ASSIGNMENT> I would like the line with "В G90 установлен" and every line after it, down to the end of the entries below, output exactly and without pictures.

PROVIDED RECORDS START

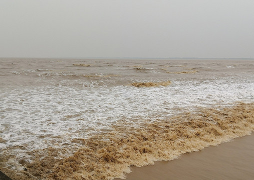 站在观潮胜地公园的观潮台上,随着潮声渐大,看到雾蒙蒙江面现出一条白线,白线渐宽,有人比喻犹如“素练横江,漫漫平沙起白虹”,很贴切。
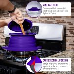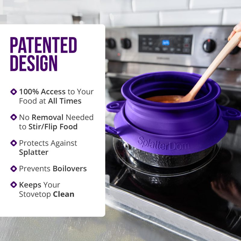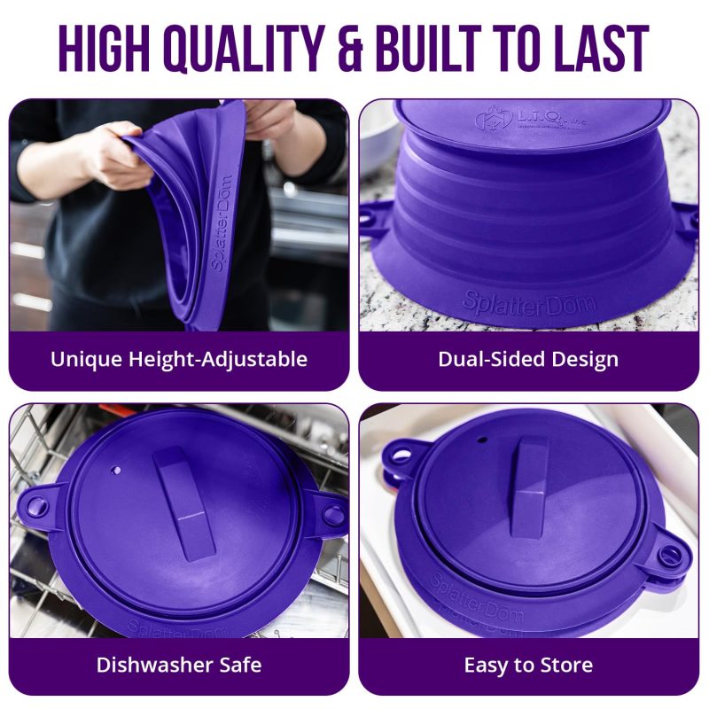 L.I.Q Silicone Splatter Guard – Fits 10 and 12 Inch Pots (25 and 30 Centimeters) – Microwave Safe and Durable SplatterDom – Includes 10” Lid – Food and Oil Splash Guard (Violet, Large) L.ī.Q. Inc.
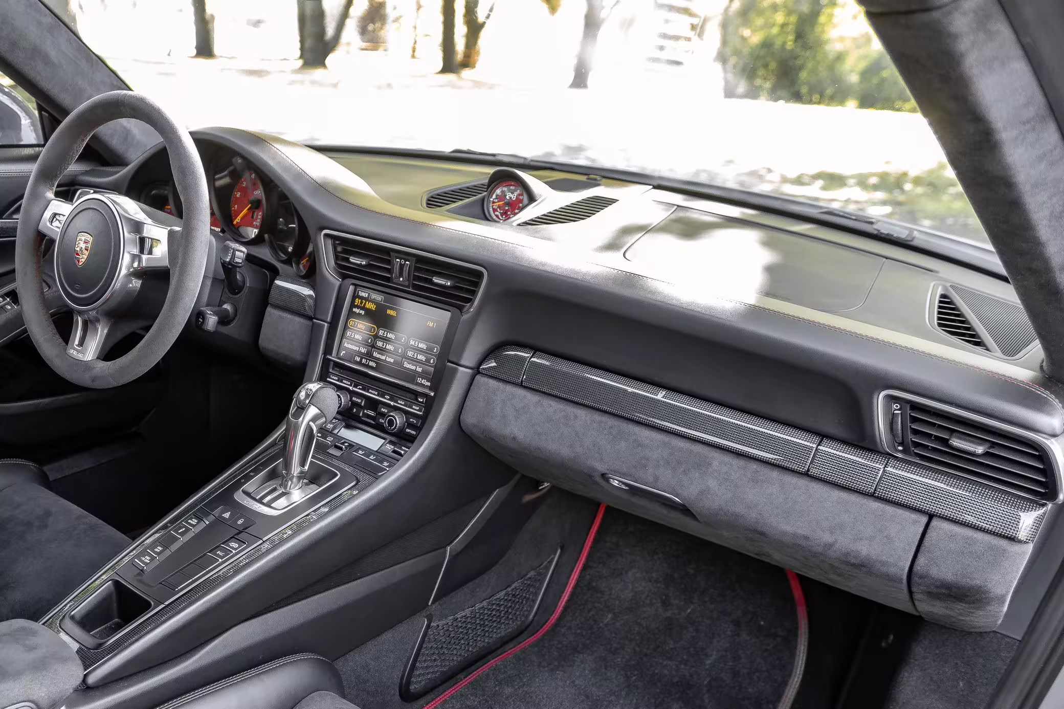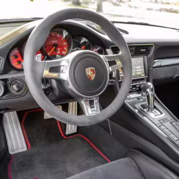 Factory equipment on this GT3 includes the Sport Chrono Package, Carbon Fiber Interior Package, the Sound Package Plus, a dry sump oiling system, Porsche Active Suspension Management (PASM), rear axle steering, lightweight bucket seats, and more detailed below.
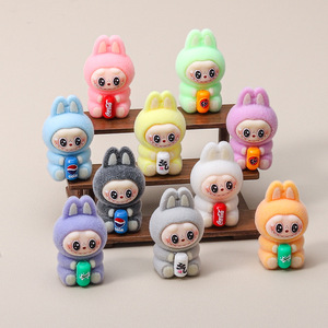 植绒饮品小兔子 树脂摆件diy饰品车载配件包包挂件钥匙扣直播萌粒
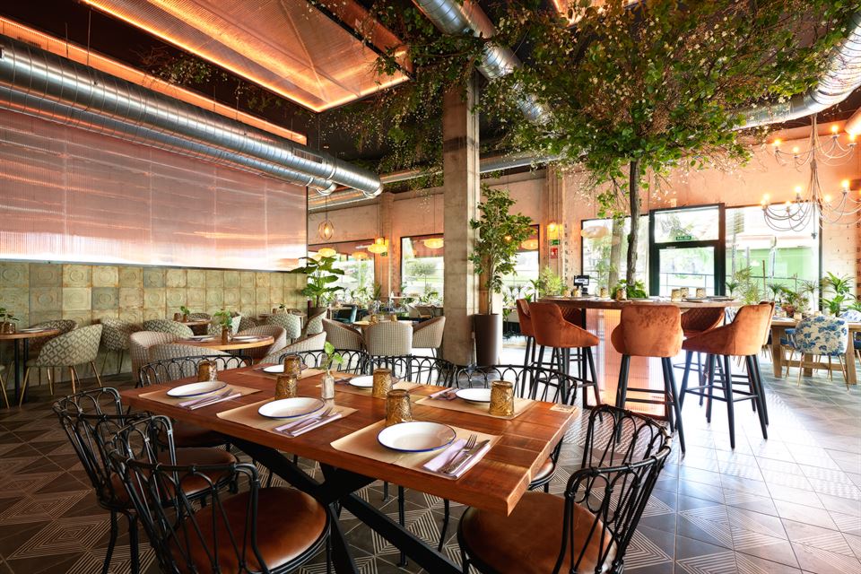 Jesús et son équipe ont été impliqués dans la conception des lieux, aidés par le studio d’architecture Cota 7. Comme toujours, en prenant soin du moindre détail, non seulement en cuisine, mais aussi dans la décoration du restaurant. Ils ont su créer un espace lumineux avec beaucoup de végétation. Les murs sont recouverts de tuiles vieillies, des lampes en métal sublimes et originales, des chaises tapissées d’imprimés floraux, des tabourets en cuir et en métal viennent renforcer la personnalité de ce bel endroit.
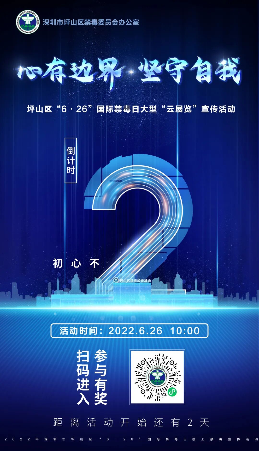 为深入推进新时代全民禁毒工程建设,提升毒品预防教育全覆盖和增强全民防毒拒毒意识,大力营造社会禁毒文化氛围,根据防疫工作要求,坪山区将于6月26日开展以“心有边界 坚守自我”为主题的“6·26”国际禁毒日大型“云展览”宣传活动。
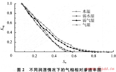 圖2給出了不同潤濕條件下的氣相相對(duì)滲透率曲線。在每一飽和度下,水濕巖樣的氣相相對(duì)滲透率總比氣濕巖樣的氣相相對(duì)滲透率低很多,這給出了一個(gè)可在油田應(yīng)用的潛在方法:對(duì)致密氣藏,改變近井地帶的潤濕性,使其由水濕變?yōu)闅鉂?,可以增加氣體的滲流能力,提高產(chǎn)量或注入量。值得注意的是,當(dāng)水飽和度大于0.4時(shí),氣體的相對(duì)滲透率按照水濕→弱水濕→弱氣濕→氣濕的順序依次增加;但當(dāng)水飽和度小于0.4時(shí),相對(duì)滲透率增加的次序性被打亂,在弱水濕情況下表現(xiàn)為最小。
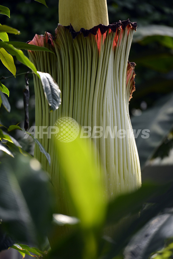 【7月10日 AFP】ベルギーの首都ブリュッセル(Brussels)郊外のメイゼ(Meise)にある国立植物園で7日、世界で最も巨大で珍しく、しかも臭い花の一つ、ショクダイオオコンニャク(学名:Amorphophallus titanum)が、奇妙だが壮観なその姿を現し始めた。原産地のインドネシアでは「死臭を放つ花」、「変形した巨大な男性器」など、さまざまな名前で呼ばれるこの花は、通常では数年置きにしか花をつけないにもかかわらず、今回の開花は過去5年間で3度目という異例の頻度だ。
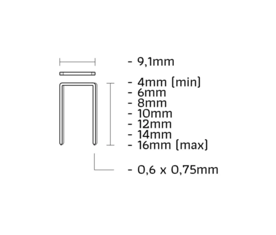 De V-niet, voorzien van een verzinkte coating en een C-punt, heeft een rugbreedte van 9,10 mm en een draaddikte van 0,60 x 0,75 mm. Deze coating zorgt voor effectieve bescherming tegen weersinvloeden en vocht.
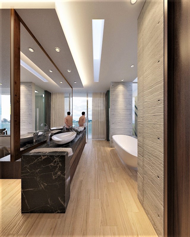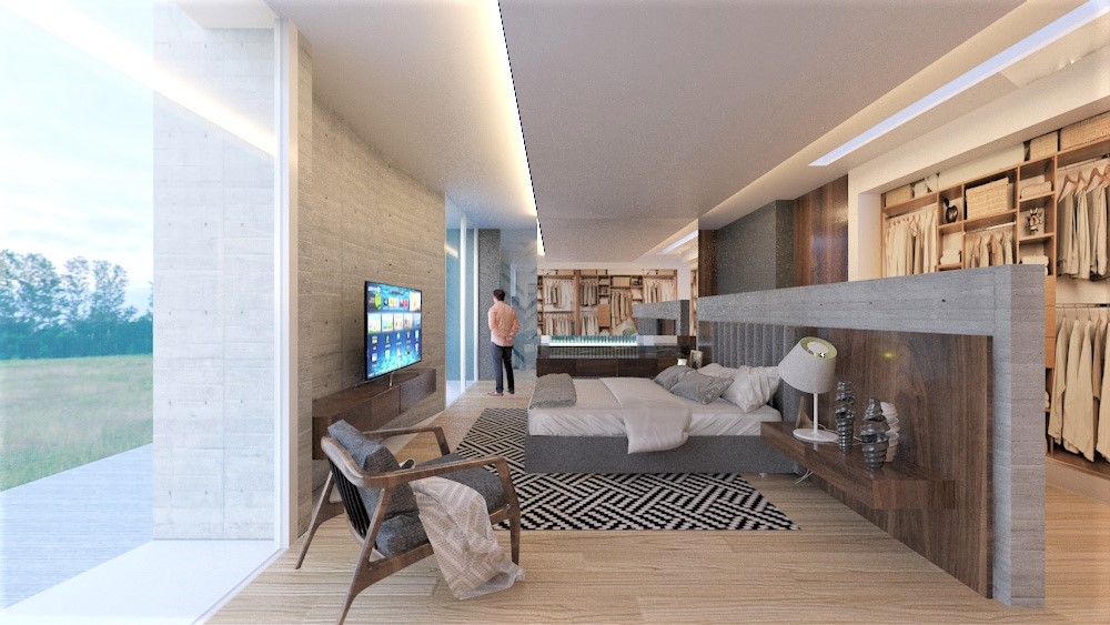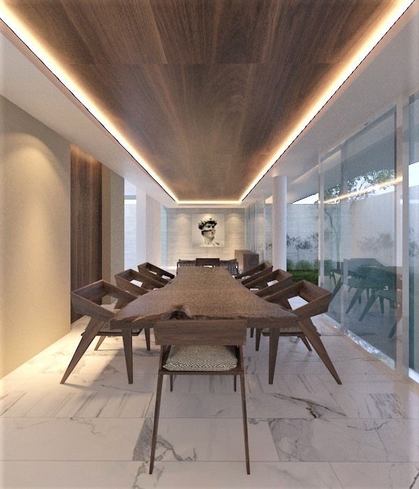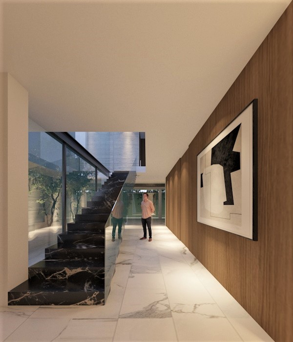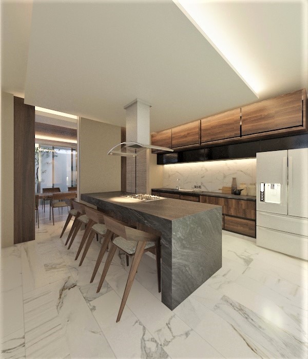 Esta residencia consta de tres niveles. El objetivo era aprovechar al máximo los espacios sin sacrificar la funcionalidad y estética del proyecto. Debido a las restricciones del fraccionamiento y las características del terreno (ubicación, orientación y topografía) se optó por generar una serie de volúmenes intersectados entre sí, que permitieran el paso de la luz del sol y la circulación de los vientos por la casa, ya que la fachada lateral se encuentra hacia el poniente, hacia un área verde de donación del fraccionamiento; cabe señalar que en verano las temperaturas pueden ser muy altas, es por eso, que prácticamente anulamos el uso de ventanales hacia esta fachada. La creación de elementos arquitectónicos que ayudaran a disminuir la sensación térmica de la casa, fue muy importante. Al interior del vestíbulo principal, la casa cuenta con un jardín interior que llena de luz y frescura el espacio en los tres niveles, aprovechando la luz cenital, pero evadiendo el acceso de los rayos solares directos.
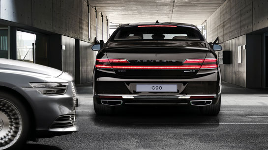 В G90 установлен полный комплект из 10 подушек безопасности, включая коленные подушки безопасности водителя и пассажира переднего сиденья, переднюю и заднюю боковые подушки безопасности, а также шторки безопасности.
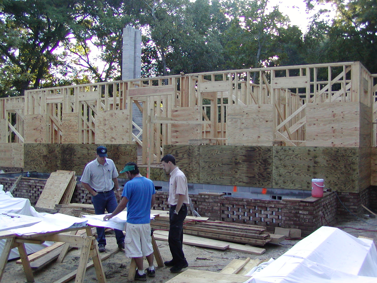 September 25, 2007 -- The first floor has plywood sheathing. The plywood is treated where the porches will be built. The top layer of plywood will tie the two stories together, so it cannot be installed yet. |
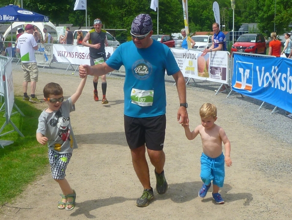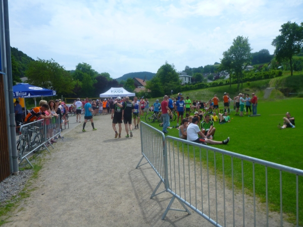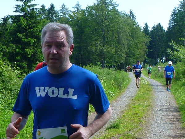 Im Läuferfeld sind wir uns einig: Das ist Klasselauf in schöner Landschaft, mit abwechslungsreicher Strecke und guter Organisation. Ich sehe nur zufriedene Gesichter. Woll! So sagt der Sauerländer und für alle, die es noch nicht wissen, hat es ein Läufer auf dem Shirt stehen.
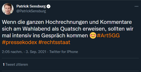 Heute lernen wir, wie wir aus einem Tweet eines #SPD-Mitglieds -@mathiasrichel - eine offizielle Prognose machen, um damit auszudrücken, dass das Ergebnis der #CDU zur #Kommunalwahl2021 gegen den Trend der Prognosen für die Kommunalwahl war. /TN

PROVIDED RECORDS END

ANSWER SECTION>
 В G90 установлен полный комплект из 10 подушек безопасности, включая коленные подушки безопасности водителя и пассажира переднего сиденья, переднюю и заднюю боковые подушки безопасности, а также шторки безопасности.
 September 25, 2007 -- The first floor has plywood sheathing. The plywood is treated where the porches will be built. The top layer of plywood will tie the two stories together, so it cannot be installed yet. |
 Im Läuferfeld sind wir uns einig: Das ist Klasselauf in schöner Landschaft, mit abwechslungsreicher Strecke und guter Organisation. Ich sehe nur zufriedene Gesichter. Woll! So sagt der Sauerländer und für alle, die es noch nicht wissen, hat es ein Läufer auf dem Shirt stehen.
 Heute lernen wir, wie wir aus einem Tweet eines #SPD-Mitglieds -@mathiasrichel - eine offizielle Prognose machen, um damit auszudrücken, dass das Ergebnis der #CDU zur #Kommunalwahl2021 gegen den Trend der Prognosen für die Kommunalwahl war. /TN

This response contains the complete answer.